In het begin van de jaren vijftig had North American Aviation twee zeer succesvolle straaljagerprojecten op stapel staan. De eerste was de F-86 Sabre, gebaseerd op de J-47 motor, die supersonisch kon vliegen in een ondiepe duikvlucht. De F-86 onderscheidde zich in Korea met een 14 tegen 1 dodental ten opzichte van de behendige MiG-15. De F-100 Super Sabre was een verbeterde Sabre gebouwd rond de grotere J-57 motor. De F-100 was het eerste USAF gevechtsvliegtuig dat supersonisch vloog. De Super Sabre zou zich gaan onderscheiden in Vietnam, waar het de bijnaam “The Hun” kreeg.
De volgende logische stap was een straaljager die Mach 2 kon vliegen in horizontale vlucht. De introductie van de grotere J-75 motor maakte een Mach 2 gevechtsvliegtuig mogelijk, althans op papier. North American begon aan zo’n vliegtuig te werken onder de naam F-100B. Zowel de F-86 als de F-100 hebben hun luchtinlaat in de neus van het toestel. De F-100B begon met dit ontwerp, maar men kwam er al snel achter dat de grote radar de ruimte in de neus nodig had. Als gevolg daarvan verplaatste NAA de luchtinlaten onder de romp.
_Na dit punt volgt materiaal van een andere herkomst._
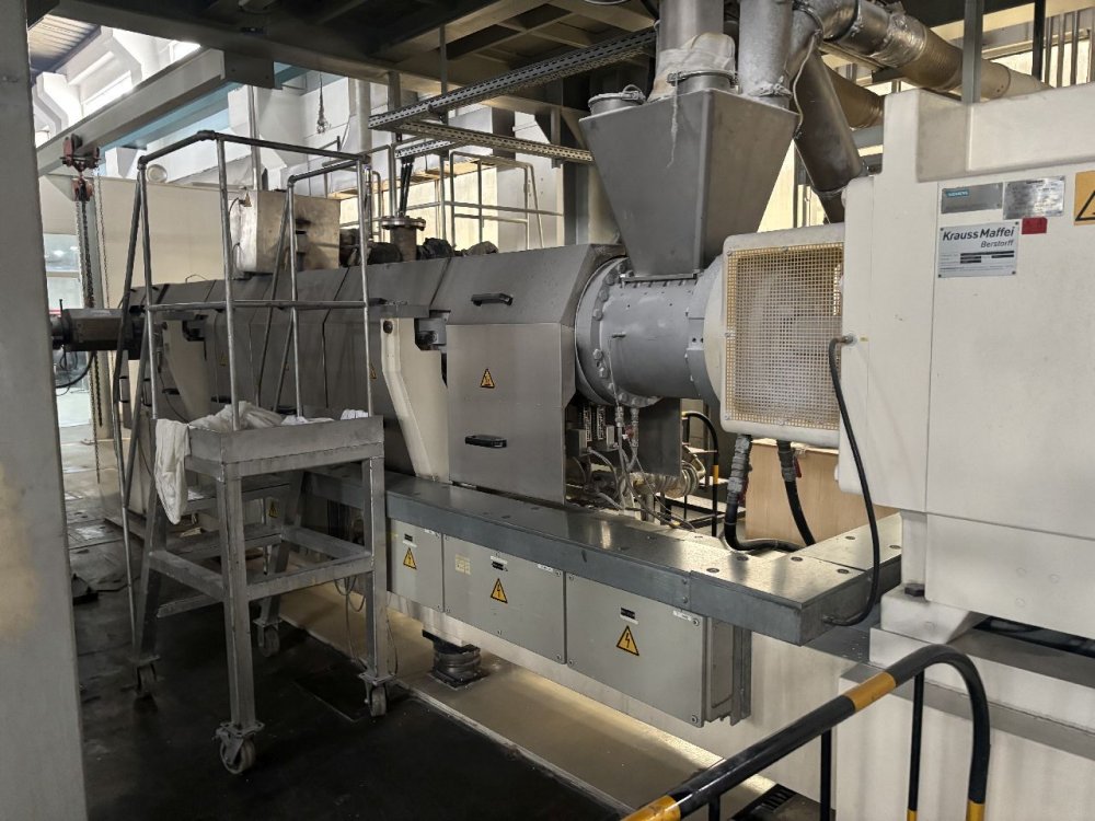 - Main extruder layer C: -year 2017 - type twin co-rotating screw, model ZE130/34D - Barrel diam 140mm L/D34 - Speed nominal 300 rpm - Output 4500 kg/h - Gravimetric blender 4 components, mixing hopper - Drive AC motor 1100 kW - 6 heating zones, 204 kW, Water cooled - Melt pump 60 kW ac motor - Filter: Long life candle type with 48 candles, 5,3 m3
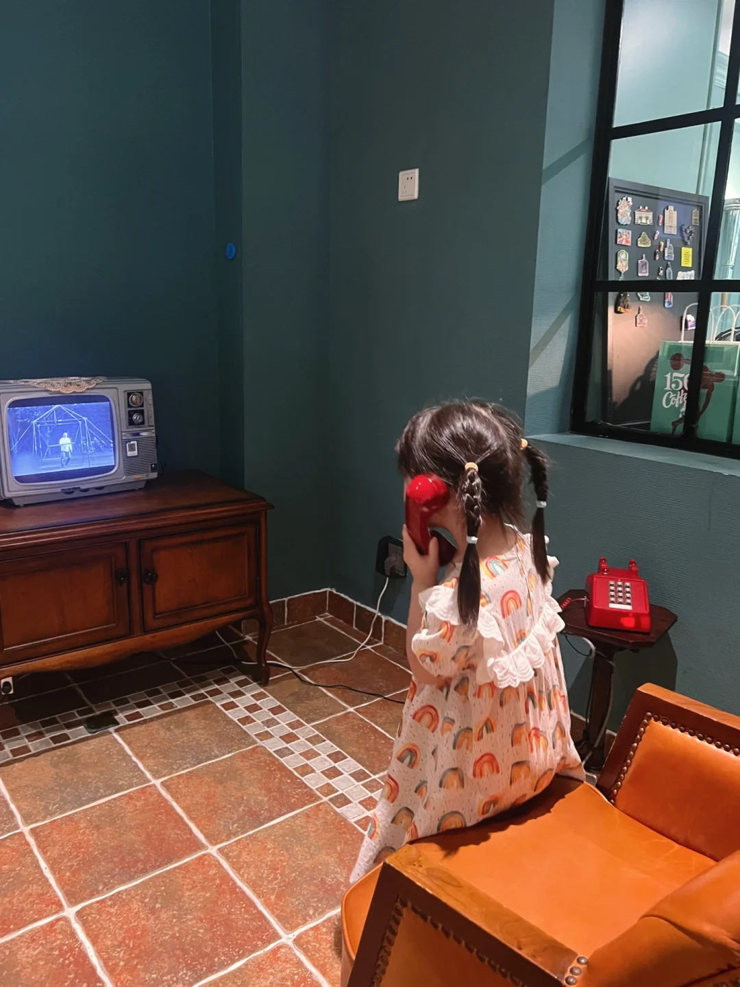 🔹1F历史之舟,上海体育发展历史介绍。陈列了早期的迷你奖杯🏆,见证体育器材的更新换代,有2台复古电视机,电话机☎️拨号可以互动,妮妮很喜欢

Medio 1954 vonden een aantal gebeurtenissen plaats. Ten eerste stelde de USAF de eis voor een tactische jachtbommenwerper die een atoombom kon afwerpen. Ten tweede gaf de USAF het groene licht voor de Mach 2 jachtbommenwerper, maar veranderde de programmanaam in F-107. Een contract voor 3 vliegbare YF-107’s werd uitgegeven. Uiteindelijk gaf de USAF het groene licht voor de YF-105. De F-107 had concurrentie, en zou waarschijnlijk eindigen in een fly-off.
NAA zette het F-107 programma in een hoge versnelling. Het werd snel vastgesteld dat de lagere positie van de luchtinlaat problemen veroorzaakte met het laten vallen van de kernbom uit het bommenruim. Als gevolg daarvan werden de luchtinlaten boven de romp geplaatst, iets wat nog nooit eerder was geprobeerd. De eerste YF-107 vloog op 10 september 1956. De YF-107 bereikte Mach 2 kort na de eerste vlucht.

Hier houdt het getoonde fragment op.